Tirzepatide is a dual agonist targeting GLP-1 and GIP receptors, producing 20.9% mean weight loss at 72 weeks in the SURMOUNT-1 trial. Retatrutide adds glucagon receptor activation to that foundation, resulting in 24.2% weight loss at 48 weeks—a 3.3-percentage-point advantage despite shorter trial duration. The glucagon pathway increases basal metabolic rate and hepatic fat oxidation, effects not present in tirzepatide. Both compounds share GI side effect profiles, but retatrutide causes greater heart rate elevation due to sympathetic activation from glucagon agonism.

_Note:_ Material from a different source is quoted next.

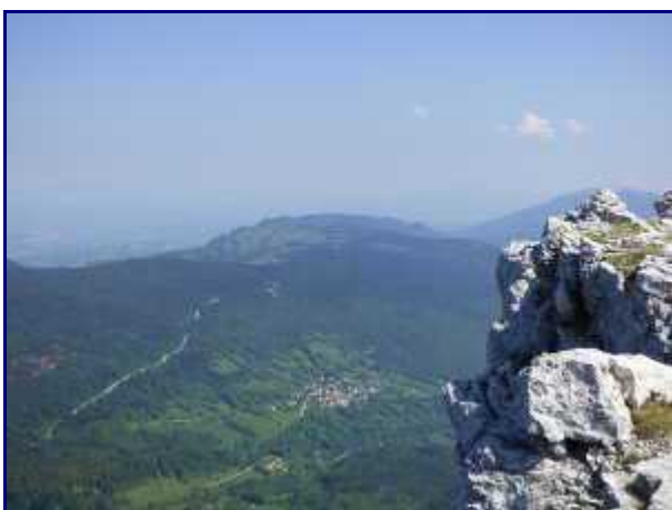
Toujours de la crête de margériaz, la Magne (hameau de St François de Sales).

La vue est très belle sur les principaux sommets du Massif des Bauges (Mont Colombier, Dent de Rossanaz, Dent d'Arclusaz, Mont Trélod, Dent des Portes) et plus loin sur ceux des Massifs des Bornes (Tournette) et des Aravis (Mont Charvin, L'Étalle) ainsi que la Chaîne du Mont-Blanc.

Is retatrutide FDA-approved for obesity treatment?▼

No—retatrutide remains investigational and has not completed Phase 3 trials required for FDA approval. Eli Lilly is currently conducting Phase 3 studies (TRIUMPH program) evaluating retatrutide for obesity and Type 2 diabetes, with results expected in 2026–2027. Until those trials complete and demonstrate acceptable long-term safety, retatrutide cannot be prescribed outside clinical research settings. Semaglutide (Wegovy) and tirzepatide (Zepbound) are the only triple- or dual-agonist peptides currently FDA-approved for weight management.

What happens to heart rate on retatrutide?▼

Glucagon receptor agonism increases sympathetic nervous system activity, causing heart rate elevation in approximately 30% of participants during dose escalation. The mean increase is 5–8 bpm, typically peaking at weeks 4–8 and stabilizing by week 12. Participants with baseline heart rates above 85 bpm showed larger increases—some reaching 10–12 bpm. This effect is mechanism-driven and does not resolve with continued dosing. Long-term cardiovascular outcome data is not yet available, so the clinical significance of sustained heart rate elevation on retatrutide remains unknown.

Can retatrutide be compounded like semaglutide?▼

No—retatrutide is not commercially available in any form, including compounded versions. FDA regulations allow compounding of drugs in shortage or when medically necessary, but retatrutide has never been approved, so no reference standard or bulk API exists for licensed compounding pharmacies to source. Semaglutide and tirzepatide are compounded because Novo Nordisk and Eli Lilly hold FDA approvals for those molecules, creating a legal pathway for 503B facilities to produce generic versions during shortages. Retatrutide is exclusively available through enrollment in Eli Lilly-sponsored clinical trials.